Their different hats, dresses and robes may indeed have represented the diversity of the world’s most populous nation. But an official from the children’s dance troupe revealed yesterday that the youngsters did not.
There were no Uighurs, no Zhuangs, no Huis, no Tujias, no Mongols and definitely no Tibetans. Indeed, in the latest in a series of manipulations that have soured memories of the spectacular opening ceremony, all 56 were revealed to be Han Chinese, who make up more than 90 per cent of the country’s 1.3 billion people.
The latest example of artifice comes after revelations that some of the fireworks seen by TV audiences in the opening ceremony were computer-generated and that a song was mimed because the child singer was not deemed pretty enough.
“I think you are being very meticulous,” said Wang Wei, vice-president of the Beijing Olympic Organising Committee, trying to brush the latest revelation aside. “It is rather normal and usual for actors and actresses to be dressed in costumes from different ethnic groups. There is nothing special about it.”
But that was not how the official programme announced the Galaxy Children’s Art Troupe. It declared that the children who clustered around the national flag in a show of unity were from all the various ethnic groups.
One Tibetan told The Times: “They all looked like Han Chinese. It was clear to everyone at the start. But I suppose they thought there was too much risk that even a child could make an unacceptable gesture.”
Officials are particularly sensitive about the disclosure after ethnic riots in Tibet in March when 22 people, mostly Han Chinese, were killed, and after three attacks in the westernmost Xinjiang region against security forces by suspected Muslim separatists.
Many Chinese said that the use of the Han children was normal since they were actors. Others said the decision put the spotlight on the cultural dominance of the Han and the unwillingness of the majority ethnic group to tolerate others. The Communist Party is at pains to play down ethnic differences in the Olympic year.
Officials have also confirmed that a leading dancer injured in a rehearsal for the opening ceremony could be paralysed for life.
Mr Wang declined to say whether Liu Yan, 26, had been paralysed below the waist. “This is a very private question. I understand that she was seriously injured, but I am not sure whether she is paralysed or not.
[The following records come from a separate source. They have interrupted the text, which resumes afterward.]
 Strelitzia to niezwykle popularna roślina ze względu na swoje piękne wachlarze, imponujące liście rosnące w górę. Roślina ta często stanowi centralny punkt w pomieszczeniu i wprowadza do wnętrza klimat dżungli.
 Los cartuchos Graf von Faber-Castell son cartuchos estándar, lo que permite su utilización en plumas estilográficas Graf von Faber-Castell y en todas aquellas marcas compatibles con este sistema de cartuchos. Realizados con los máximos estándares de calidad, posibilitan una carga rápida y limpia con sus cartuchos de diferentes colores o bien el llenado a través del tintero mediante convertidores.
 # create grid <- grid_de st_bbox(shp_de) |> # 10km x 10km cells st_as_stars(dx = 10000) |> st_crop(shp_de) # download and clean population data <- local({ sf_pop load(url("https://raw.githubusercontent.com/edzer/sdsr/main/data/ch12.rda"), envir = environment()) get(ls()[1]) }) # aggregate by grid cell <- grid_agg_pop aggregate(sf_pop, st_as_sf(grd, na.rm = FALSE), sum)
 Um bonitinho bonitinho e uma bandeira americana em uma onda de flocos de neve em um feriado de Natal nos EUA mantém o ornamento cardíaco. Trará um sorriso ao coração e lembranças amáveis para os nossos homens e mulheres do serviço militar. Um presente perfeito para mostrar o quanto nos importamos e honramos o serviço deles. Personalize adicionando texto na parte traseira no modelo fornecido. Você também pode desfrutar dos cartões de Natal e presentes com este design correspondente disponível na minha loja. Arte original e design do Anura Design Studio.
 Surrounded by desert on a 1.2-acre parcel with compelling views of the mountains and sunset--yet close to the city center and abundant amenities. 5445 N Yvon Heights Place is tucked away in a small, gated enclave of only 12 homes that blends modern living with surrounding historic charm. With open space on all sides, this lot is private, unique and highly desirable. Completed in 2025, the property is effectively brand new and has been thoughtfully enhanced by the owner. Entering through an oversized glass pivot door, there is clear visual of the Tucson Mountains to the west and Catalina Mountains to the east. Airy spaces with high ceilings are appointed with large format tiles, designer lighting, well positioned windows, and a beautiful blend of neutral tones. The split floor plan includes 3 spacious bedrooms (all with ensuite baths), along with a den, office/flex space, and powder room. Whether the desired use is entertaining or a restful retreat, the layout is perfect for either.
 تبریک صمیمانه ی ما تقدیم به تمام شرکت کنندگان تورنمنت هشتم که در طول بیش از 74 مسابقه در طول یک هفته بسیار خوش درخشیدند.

She is hospitalised at this moment.” Photographs of Ms Liu showed her making a V-for-victory sign from her hospital bed and smiling valiantly.
The four-hour show a week yesterday was created by the Oscar-nomin-ated Chinese film director Zhang Yimou. On Tuesday it came to light that the bright-eyed little girl who wowed more than a billion viewers with her sparkling rendition of Ode to the Motherland was miming to the voice of another little girl, Yang Peiyi, whose crooked teeth were deemed unacceptable by a Politburo member.
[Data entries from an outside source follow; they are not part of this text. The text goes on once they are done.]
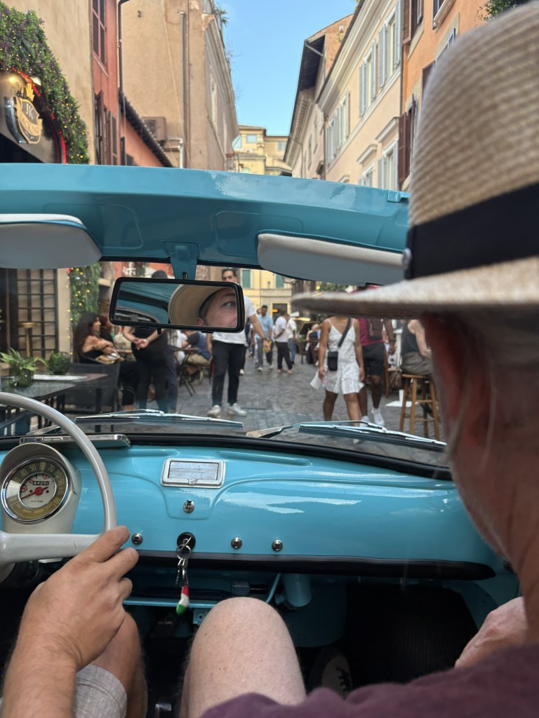We were almost at the meeting point when we first spotted the car – a 1966 convertible blue Fiat, our transport for our sunset and evening tour of Rome. We hadn’t even hopped in the car when we noticed the attention it was attracting, something that continued until later in the evening when we said goodbye to the tiny car and our driver, Ery.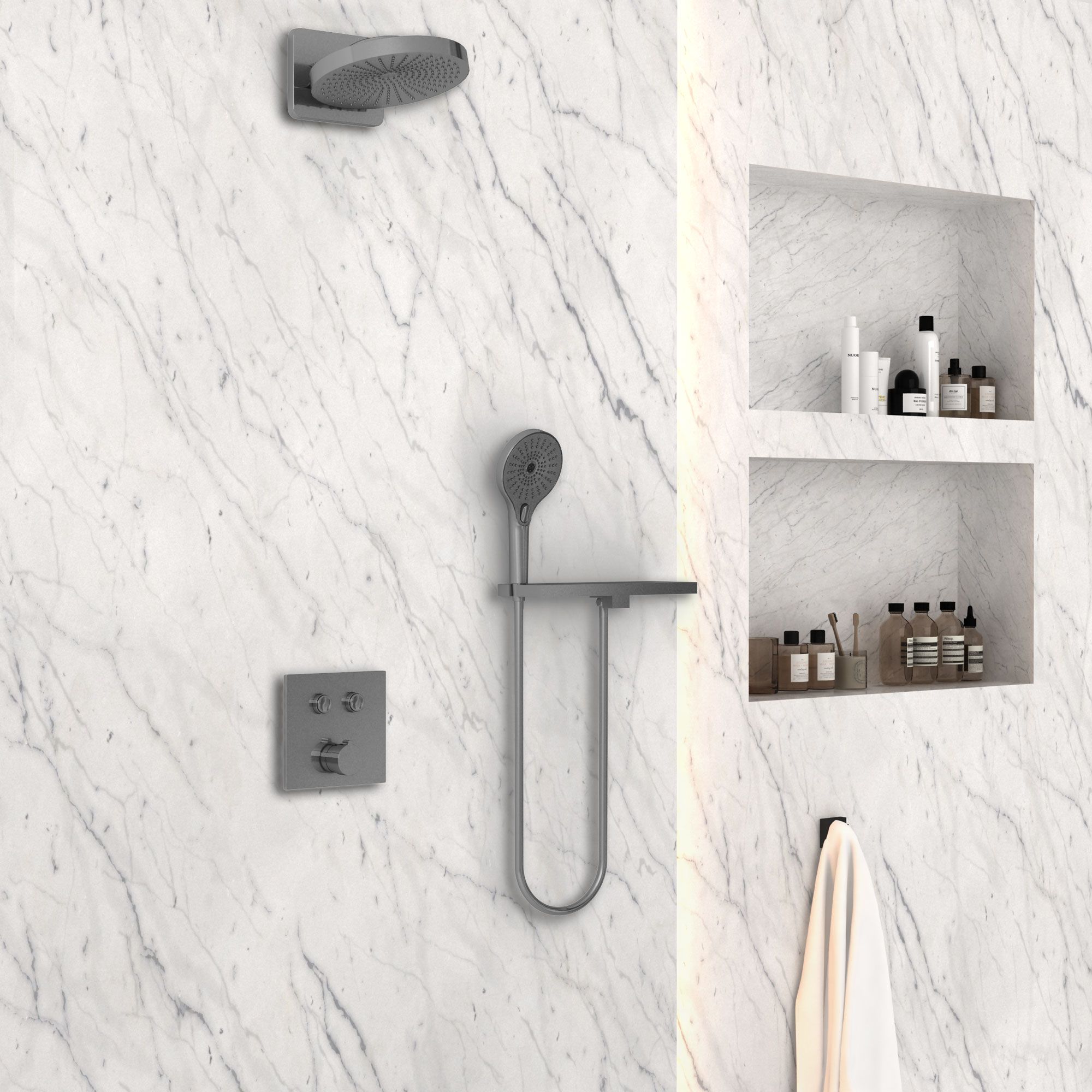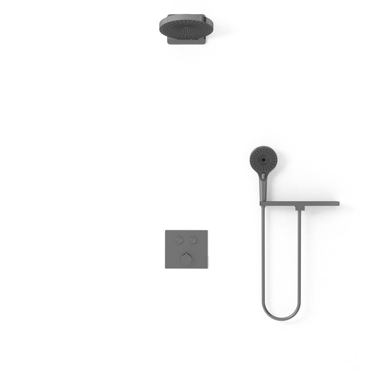 Верхний душ, полка с изливом и держателем ручного душа, ручной душ, смеситель со встраиваемой частью |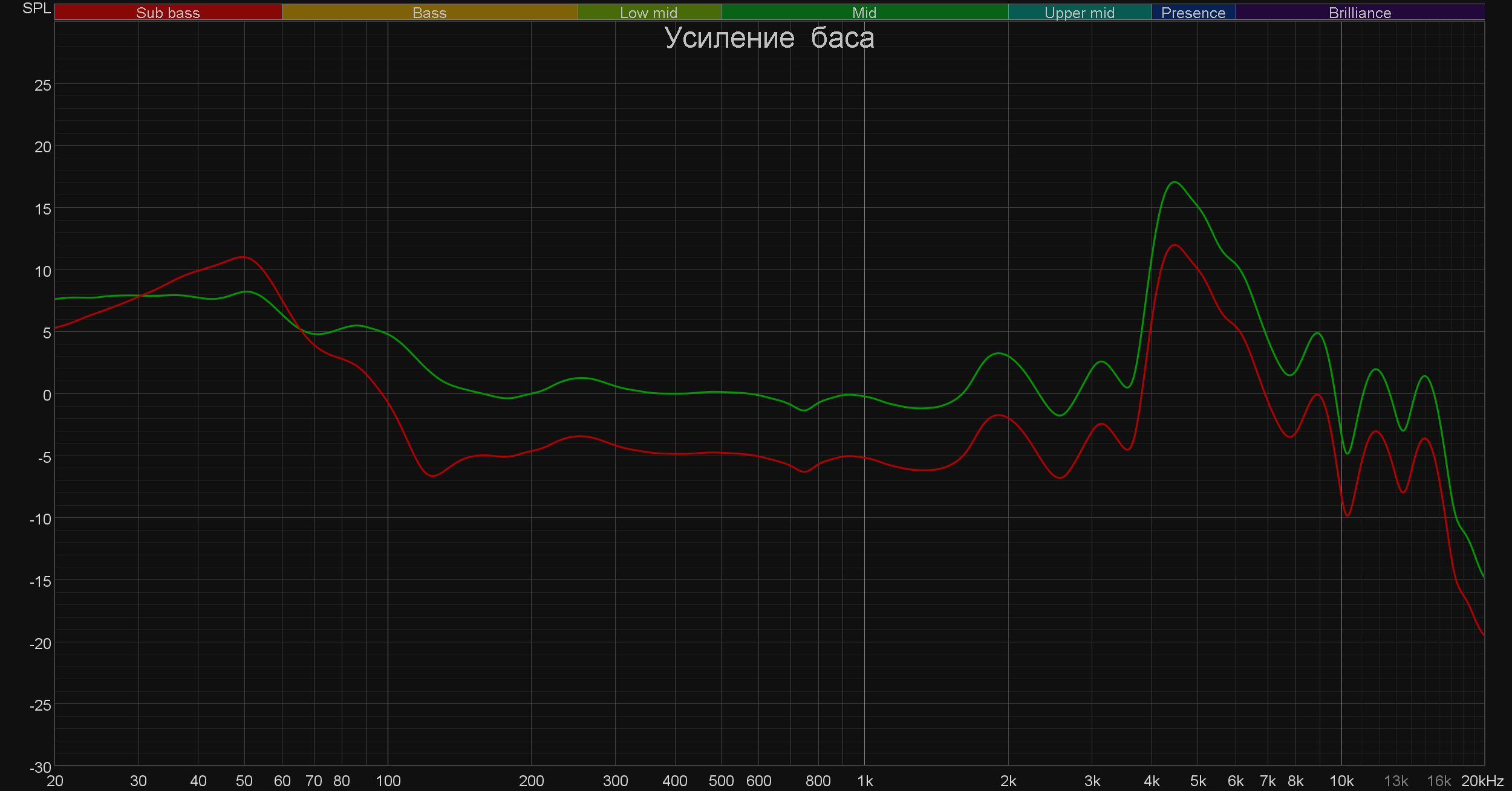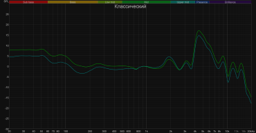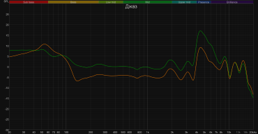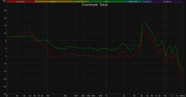 При этом свое воздействие на частоты ниже эквалайзер оказывает, просто больше не за счет повышения уровня НЧ-диапазона, а за счет увода назад всего остального — график АЧХ при активации пресета «Усиление баса» прекрасно это демонстрирует. Ну и в целом АЧХ изменяется чуть иначе, чем можно было бы предположить, исходя из положения регуляторов и надписей под ними. Тут проще немного абстрагироваться от надписей и больше ориентироваться на слух и впечатления от звучания.

The 29 giant footprint fireworks that exploded from the Bird’s Nest stadium along the central north-south axis of Beijing were never seen by television viewers. It was technically difficult to film the spectacle so the global audience saw a display of digitally created computer wizardry.
Few Chinese have been upset by the digital sleight of hand. However, many have voiced outrage on the internet about the miming singer. One member of the Muslim Hui minority described how Han Chinese were required to wear white Muslim skullcaps, or head-scarves in the case of women, when the torch relay passed through the western Ningxia province. “It was all fake. But we are used to this.”